Article Text

Stress echocardiography provides early, safe and accurate risk stratification of patients with acute chest pain, non-diagnostic ECG and a normal 12-h troponin: acute chest pain service experience within a district general hospital
  1. VK Bhatia,
  2. IS Ramzy,
  3. A Al Hajiri,
  4. H Yadav,
  5. A Elghamaz,
  6. J Powell,
  7. R Senior
  1. Northwick Park Hospital, Harrow, UK


Introduction A significant proportion of hospital admissions consist of patients with suspected acute coronary syndrome (ACS), a non-diagnostic ECG and a normal 12-h troponin who require further risk stratification. A recent prospective randomised controlled study in our institution has shown that stress echocardiography (SE) is superior and more cost-effective compared with exercise electrocardiography in the risk stratification of these patients. This is the first study to assess the feasibility, accuracy and safety of SE for risk stratification in this specific population of patients within a real-life UK district general hospital setting.

Abstract 067 Figure 1

Kaplan–Meier survival curve in patients with a low-risk stress echo scan result.

Abstract 067 Figure 2

Kaplan–Meier survival curve in patients with a low-risk stress echo scan result.

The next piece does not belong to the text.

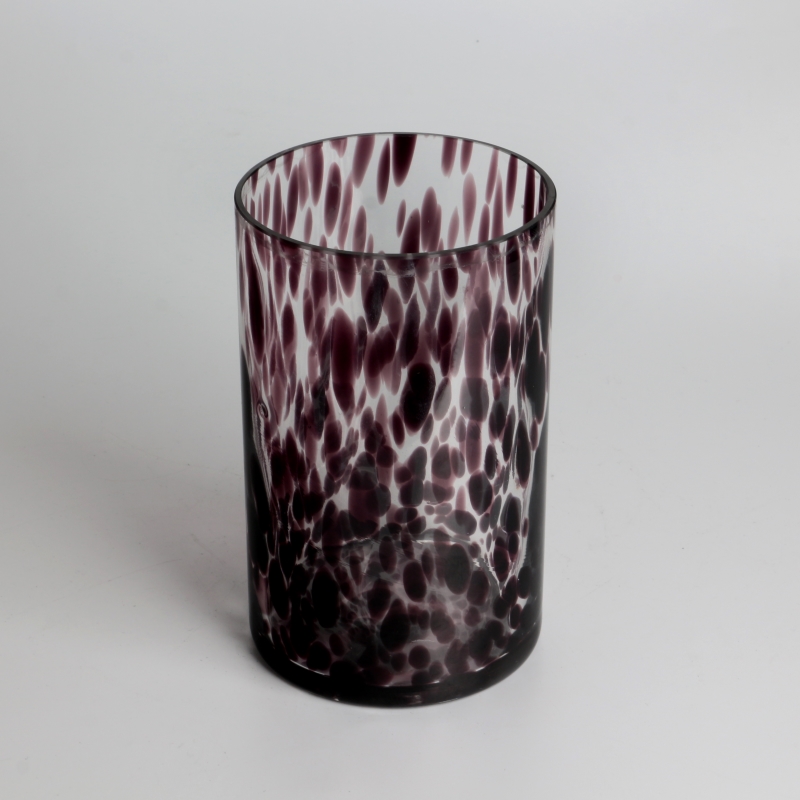 مصنوع يدويًا 900 مل 23 أونصة على شكل نمر أسطواني مرقط جرة شمعة زجاجية

Methods and Results We evaluated 173 consecutive patients (mean age 60 ± 11 years) with at least two or more cardiac risk factors who presented with acute chest pain but a non-diagnostic ECG and a normal 12-h troponin. All patients underwent SE (97% dobutamine) within 24 h of admission and were followed up for myocardial infarction or death. A low-risk SE result was defined as the absence of any inducible wall motion abnormality (WMA) or the involvement of no more than one myocardial segment (16-segment model) at a minimum target heart rate of 85% of the age-adjusted maximum heart rate. A high-risk scan was defined as the occurrence of inducible WMA in two or more segments. An inconclusive result was defined as failure to reach the minimum target heart rate in the absence of inducible WMA. The population studied had a mean TIMI risk score of 2 (low–intermediate). Diagnostic SE images were obtained in all patients and transpulmonary contrast agent was used in 89 (52%) patients. There were no significant reported adverse events during SE. 161 patients (93%) had a low risk; six (3.5%) patients were high risk and six (3.5%) patients had an inconclusive scan result. Those with a low-risk scan were discharged after a median hospital length of stay of 26 h. All patients with a high-risk scan result underwent inpatient coronary angiography, which demonstrated two patients each with single, double and triple vessel disease. Of these patients, three subsequently underwent successful percutaneous coronary revascularisation. All 173 patients were followed up over a mean period of 12 months (range 8–18). Only one patient (0.6%) with a low-risk scan result was re-admitted with an acute myocardial infarction and died (fig 1). There were no other reported re-admissions for myocardial infarction or coronary revascularisation.

Conclusion For patients presenting with suspected ACS, a non-diagnostic ECG and a normal 12-h troponin, SE offers a safe, rapid and accurate method of risk stratification that is logistically feasible as part of an acute chest pain clinical management pathway within a secondary care hospital setting (fig 2).